I recently spent too many hours plowing through John Cooney’s four-hundred-page 1984 biography, The American Pope: The Life and Times of Francis Cardinal Spellman. Spellman was archbishop of New York from 1939 to 1967. He was notorious for his autocratic style and the power he exerted both inside and outside the Church. He was also known for his political conservatism, rabid anticommunism, American jingoism, unstinting support for the war in Vietnam, love of pomp, and financial acumen. He seems to have been almost a caricature of what Protestants long feared about Catholic clerical authoritarianism.

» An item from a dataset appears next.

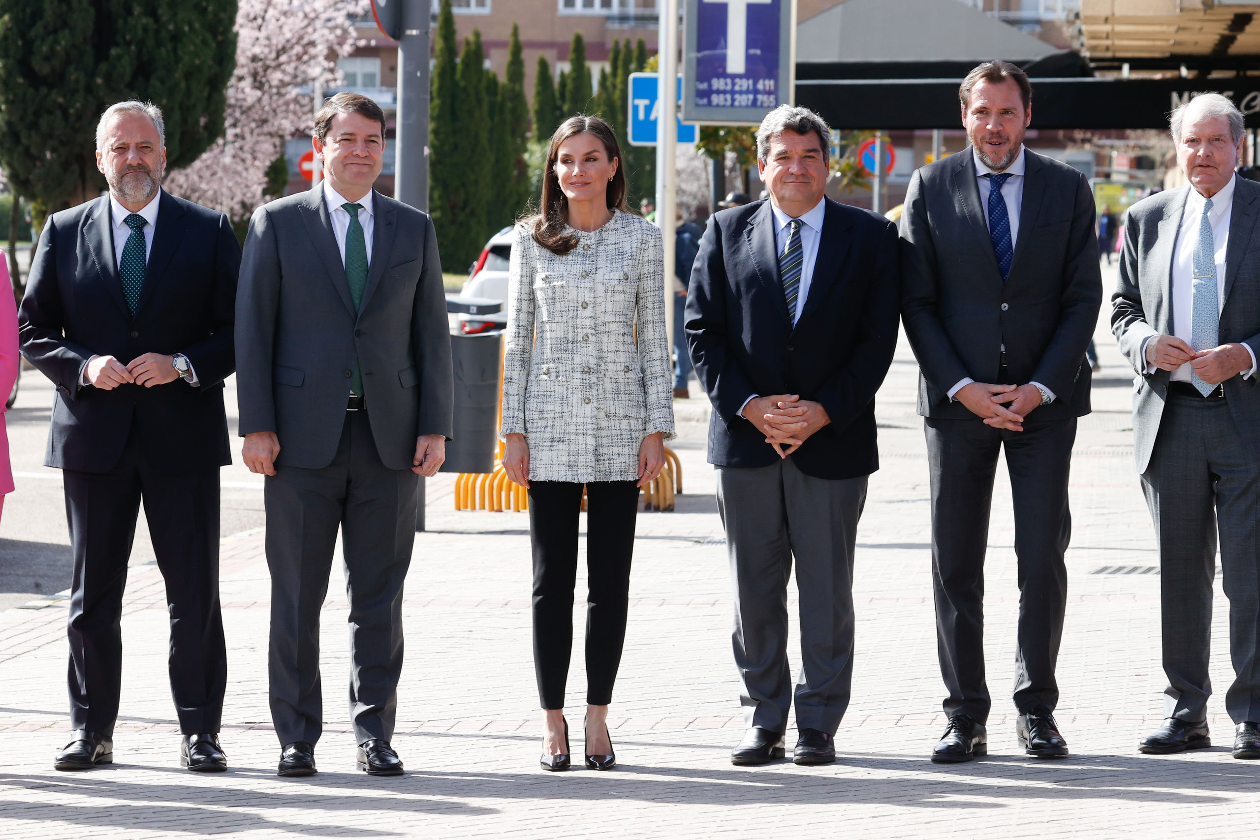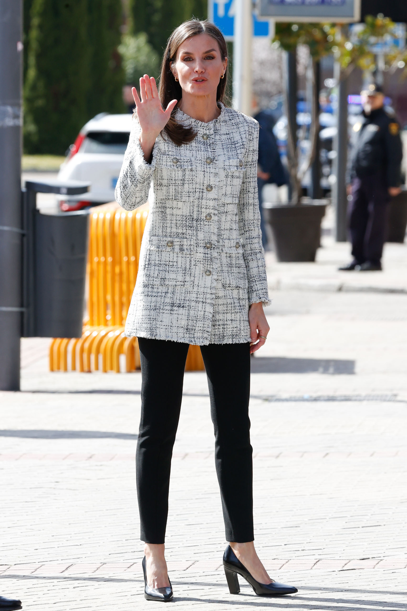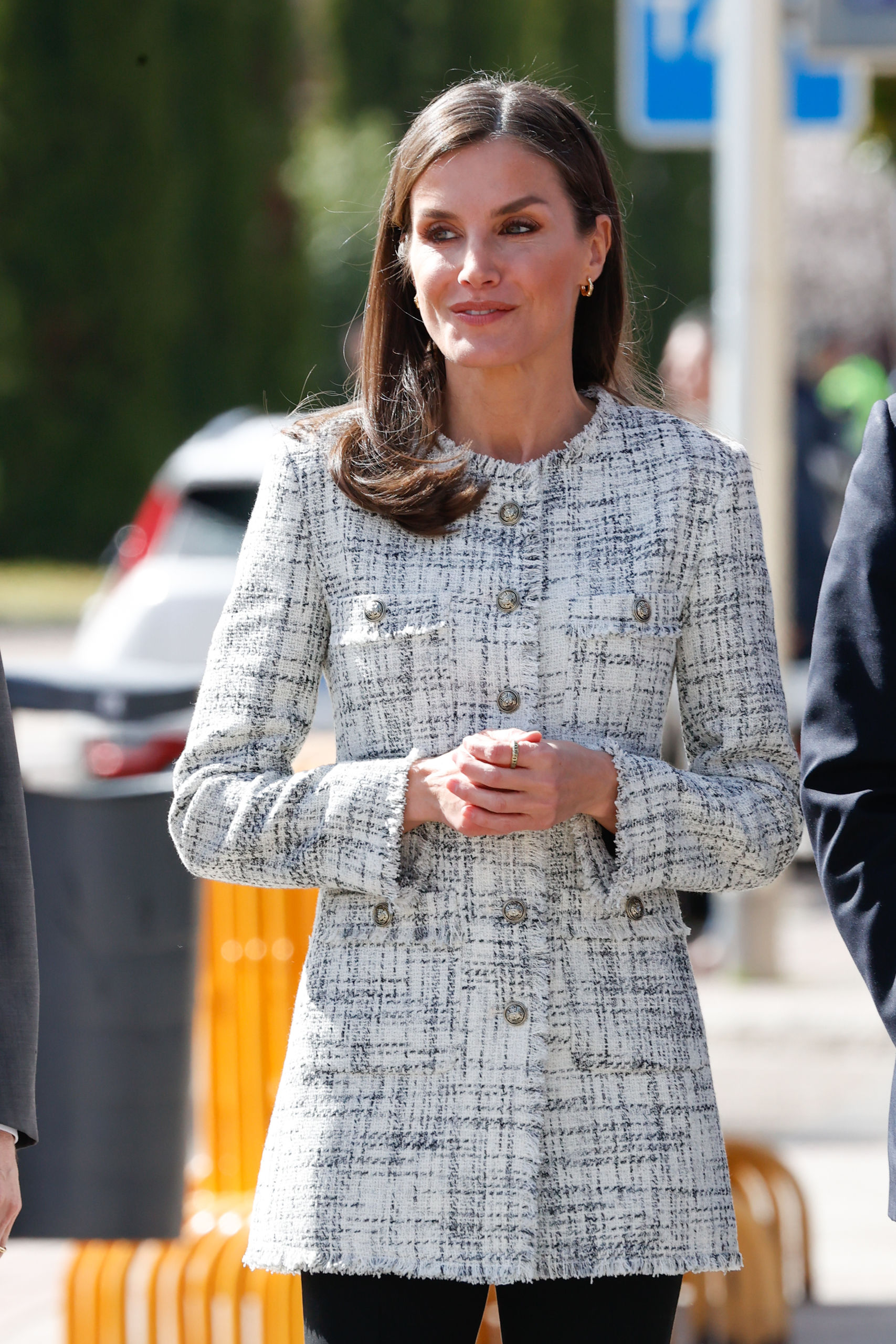 Para esta visita, la Reina estrenó una primaveral chaqueta larga de Massimo Dutti con botones dorados de esta temporada y que se encuentra a la venta en su página web por 149 euros. La chaqueta tiene cuello redondo, cierre de botones, cuatro bolsillos de parche y forro interior y es perfecta para las temperaturas suaves que están por venir y los looks de diario.

During his nearly thirty years of near dictatorial rule in New York, the cardinal’s residence became known as “The Powerhouse.” He raised and spent hundreds of millions on new schools, churches, and hospitals. Mayors, governors, senators, and presidents paid homage. Spellman counted J. Edgar Hoover and Roy Cohn as friends and collaborators. He was an outspoken defender of Sen. Joseph McCarthy’s red-baiting, and lent his support to Richard Nixon rather than John F. Kennedy in 1960. Although he was conventionally pious, he seems to have thought of himself more as the chief executive of a multimillion-dollar enterprise than as a spiritual leader. “Few people thought of him as a priest at all,” according to the novelist and critic Wilfrid Sheed. Although Spellman apparently had a softer side in private, “he really was quite the bogeyman in public.”
Spellman, a Massachusetts native and 1916 graduate of Rome’s North American College, had little interest in theology, and resisted Vatican II’s reforms. “I hire theologians,” he once said, dismissively. He campaigned to ban movies, such as Roberto Rossellini’s The Miracle, that he judged blasphemous or obscene. When an article in Commonweal criticized such censorship, Spellman got the author fired from his teaching job at the University of Notre Dame. “Error has no rights” was his firm belief. In 1949 he used seminarians to break a strike by the diocesan’s cemetery workers, falsely claiming their union was infiltrated by Communists. His famous feud with Bishop Fulton J. Sheen, once the most popular priest in America thanks to his TV program Life is Worth Living, was, predictably, about money, not theology. When Spellman lost that battle, he had Sheen exiled from New York City to upstate Rochester.
The liturgist Aidan Kavanagh, OSB, a former teacher of mine, wrote that “when Cardinal Spellman got dressed up to celebrate pontifical High Mass, it was eerily like watching the Infant of Prague come to life, but an Infant with whom it was advisable not to trifle.” Spellman’s visibility and authority was the embodiment of what made the pre–Vatican II Church so compelling for many. “It was discipline,” Kavanagh wrote. “American Catholicism was a bit corrupt, somewhat crazy, and not a little magnificent.”